Do I have to use Anthropic's cache_control syntax even if I'm only calling OpenAI?
No — but it costs you nothing and gives you portability. If you write client code against cache_control and later route a subset of traffic through Anthropic or Bedrock, no client changes are needed. If you write it against OpenAI's parameters directly, every future provider addition becomes a client-side refactor.
What's the minimum prefix length that actually caches?
1,024 tokens for Anthropic Sonnet-class and OpenAI; 2,048 for Anthropic Opus-class; 1,024 for Bedrock Converse. Below the threshold the directive is accepted and silently dropped. If you're not seeing hits on what you thought was a long prefix, count the tokens before assuming the cache is broken.
How does the gateway handle a 1-hour TTL request when the routed model doesn't support it?
Model resolution happens before cache translation. If the router lands on a model that doesn't support extended TTL, the translator emits the 5-minute default and tags the span with gen_ai.tfy.cache_ttl_downgrade=5m — the downgrade is visible in the trace.

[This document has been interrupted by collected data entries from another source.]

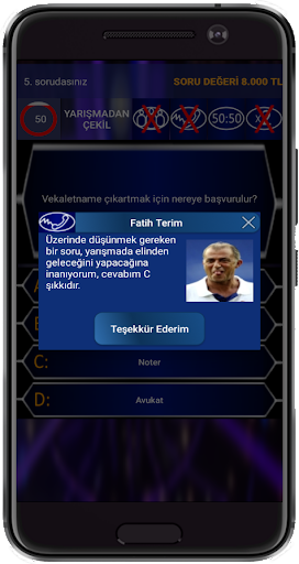 Telefon Joker Hakkı: Ünlü isimlerden oluşan bir listeden rastgele bir kişi size sorunuzu doğru yanıtlamanız için yardımcı olur, ortalama 4-5 saniye içinde cevap verebilir.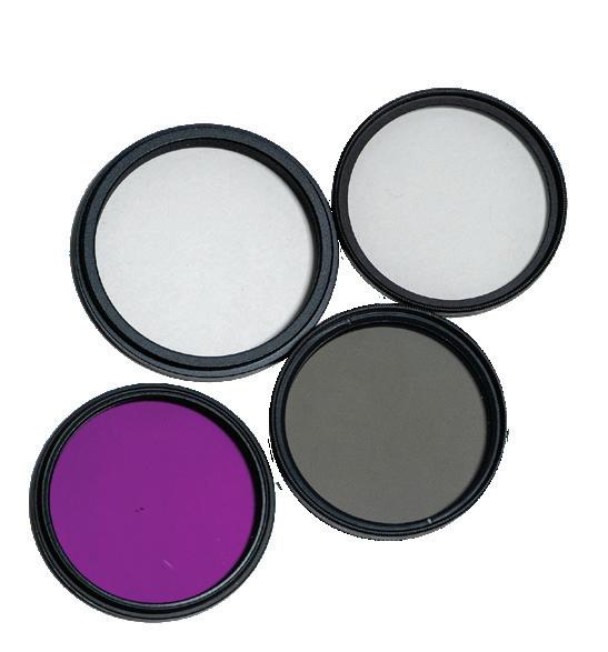 Lens filters block specific colors or types of light from coming into the camera. Lense filters also protect your lens from dust, dirt, scratches, etc. The most common filters are UV light, polarizing, skylight, close-up, and neutral dense filters.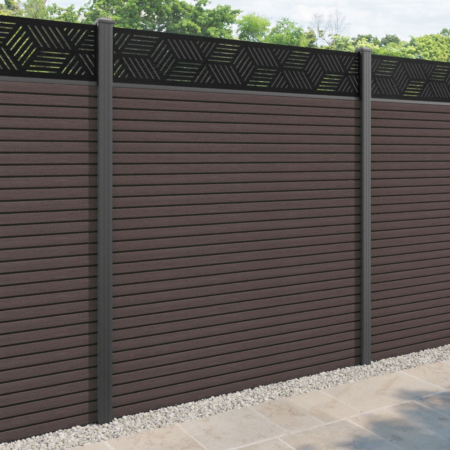 Hudson Cubed Fence Panel Mid Brown - with our aluminium posts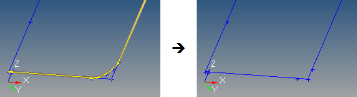 Figure 35. . When trim original lines is active, the input lines are trimmed to the start and end of the fillet.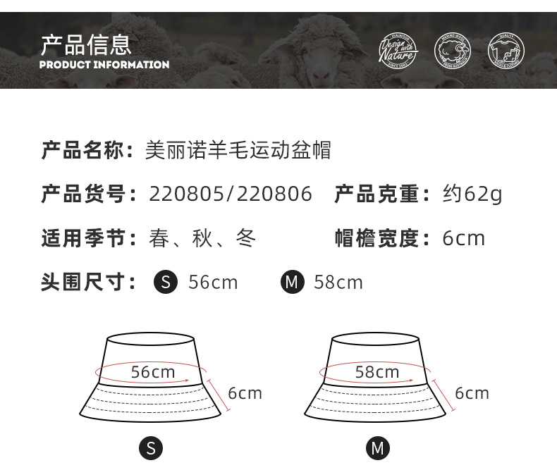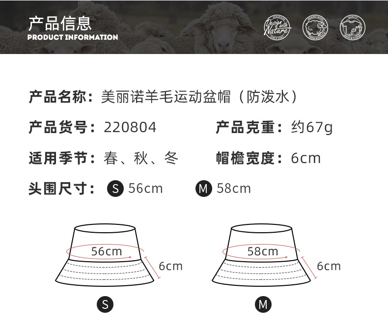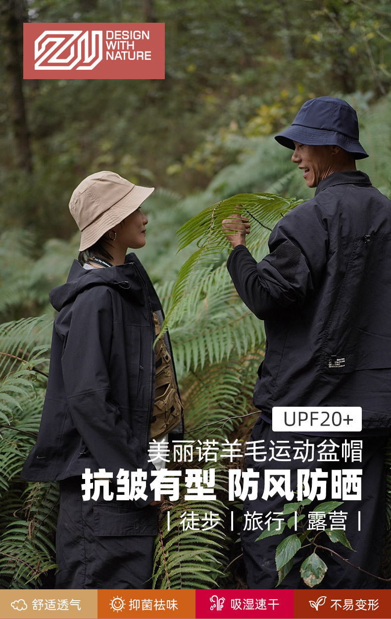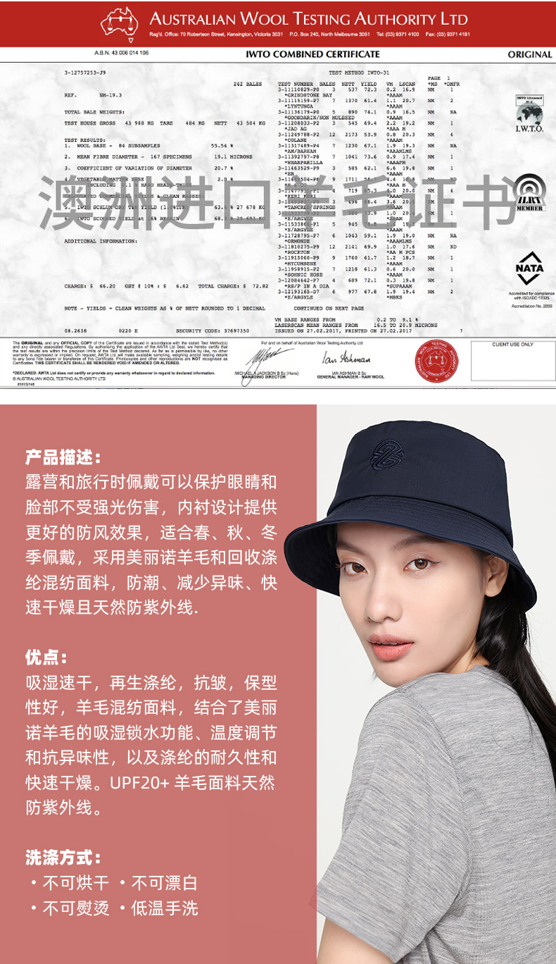 赛乐ZEALWOOD美利奴羊毛渔夫帽百搭庶阳帽防晒防紫外线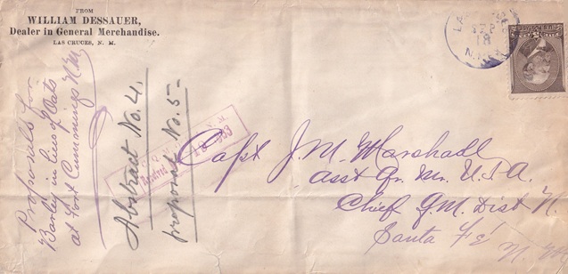 | Hand cancellation: "FORT SELDEN, N. MEX. JUL 5 1883". [TPC] |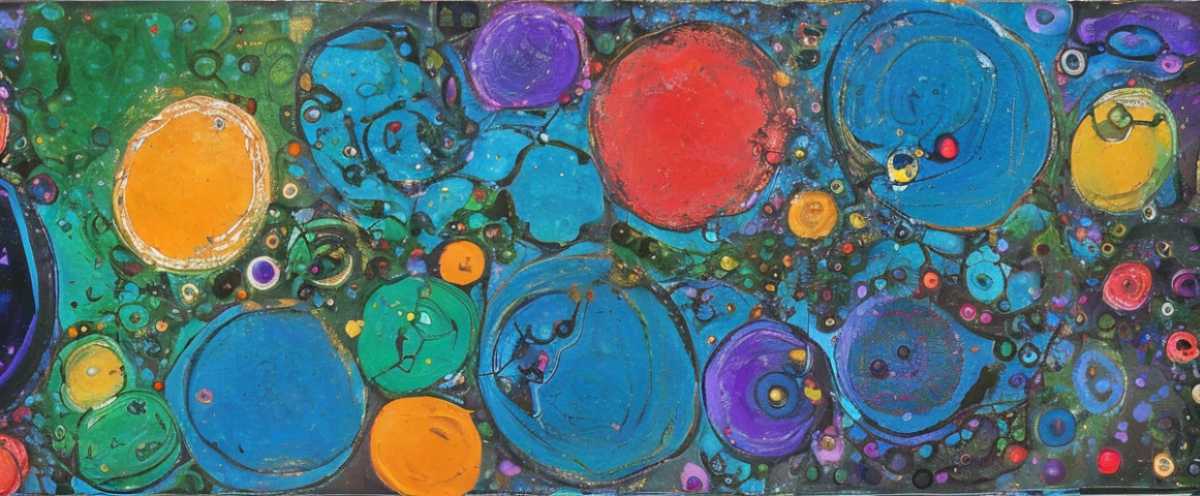 | Wassily Kandinsky, masterpiece, best quality, acrylic pour art, colorful, orange, blue, green line, gold bubbles, swipes pouring, from left to right, very small gold bubbles, rainbow swipes, rolling swipe, black outline, twist, huge, (large magenta bubbles), black small bubble left top, black line Steps: 30, Sampler: DPM++ SDE Karras, CFG scale: 2.5, Seed: 3229466157, Face restoration: CodeFormer, Size: 1200x500, Model hash: bfcaf07557, Model: 768-v-ema(stable-diffusion-2-base) |

Can I share a cache across providers — Anthropic and Bedrock both serve Claude?
No. Caches are infrastructure-scoped — even though Anthropic's API and Bedrock's Claude routes use the same model weights, the KV cache lives in different machines on different accounts. Sending the same request to both targets builds two independent caches and pays the write surcharge twice.
How does this compose with semantic caching at the gateway?
The two layers are complementary. Provider prompt caching reduces input-token cost but still generates a fresh output; semantic caching at the gateway eliminates the model call entirely on a hit. Use semantic cache as the first lookup, provider cache as the fallback. We cover the gateway layer in Semantic Caching: When Text Stops Being the Right Cache Key.
Is there a way to verify cache-attribution math against the actual bill?
Yes — pull each provider's billing export for a fixed window, sum the gateway's computed costs over the same window grouped by provider and TTL tier, and reconcile. If the gateway's number is more than ~2% off the bill, something in the normalization path is wrong; under 2% is usually rounding.